The 7th Annual GWAR B-Q Breaks All Records…And Bones!
Once again, last weekend Bohabs and music fans alike descended on beautiful Richmond, Virginia to attend the 7th Annual GWAR B-Q at Hadad’s Lake. Once again, the legendary GWAR found themselves lounging atop the bodies of the more than 3,500 GWAR B-Q attendees, swilling massive amounts of GWAR Beer, mainlining “Arctic Snow” Vodka, and stinking up the joint by chain-smoking the band’s own premium limited edition CiGWARs.
The 2016 GWAR B-Q broke all previous records for, death count, casualties and utter devastation. Every band that performed kicked so much ass that GWAR spared their lives, although the “members” of several groups were severely beaten and humiliated in a series of no holds barred wrestling matches. The 2016 lineup goes toe-to-toe with any other festival performance anywhere, on any day: GWAR, LAMB OF GOD, AGAINST ME!, DILLINGER ESCAPE PLAN, AUGUST BURNS RED, AMERICAN NIGHTMARE, EYEHATEGOD, LAGWAGON, MURPHY’S LAW, BRAIN TENTACLES, MOBILE DEATHCAMP, OCCULTIST, SAWYER FAMILY, and THE DEATH OF ROCK AND ROLL.
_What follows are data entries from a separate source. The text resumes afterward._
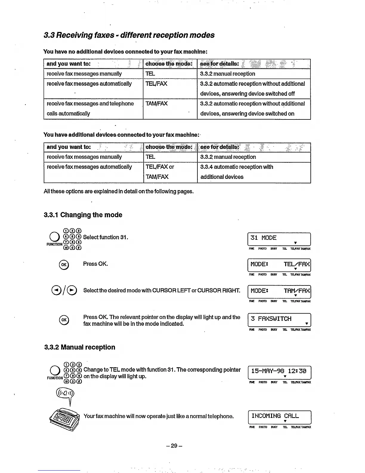 Philips HFC 22 - Receiving Faxes - Different Reception Modes; Changing the Mode; Manual Reception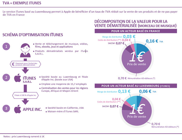 Sur les produits immatériels comme la musique en ligne ou les livres numériques, Apple et Amazon reversent l’intégralité de leur TVA au Luxembourg, autre paradis fiscal européen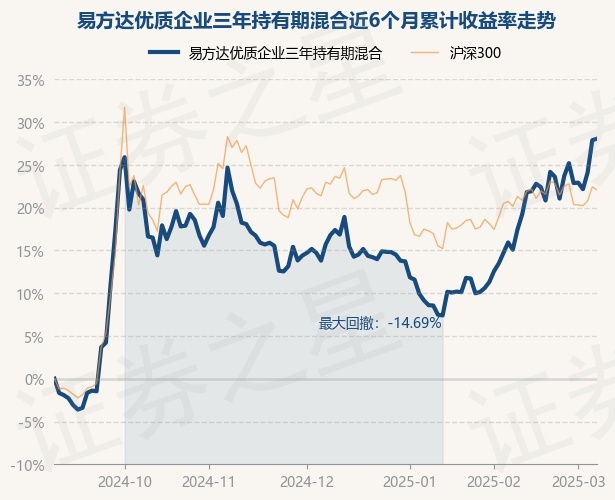 证券之星消息,3月7日,易方达优质企业三年持有期混合最新单位净值为0.9759元,累计净值为0.9759元,较前一交易日上涨0.13%。历史数据显示该基金近1个月上涨11.65%,近3个月上涨10.66%,近6个月上涨28.05%,近1年上涨20.69%。该基金近6个月的累计收益率走势如下图:

But of course, the main event of this and every GWAR B-Q was the jaw-dropping, eyeball-popping exhibition by the creators of the human race, our lords and masters, the Scumdogs of the Universe, GWAR! Those in attendance witnessed a blistering set that featured the Hillary Clinton and Donald Trump fighting to the death for control of the American government, as well as GWAR defending their belts for the “Intergalactic Wrestling Championship.”
Another successful GWAR B-Q is now in the books and the human slaves have already started preparation for next years event, which is slated to be even bigger and better than the carnage and mayhem this year!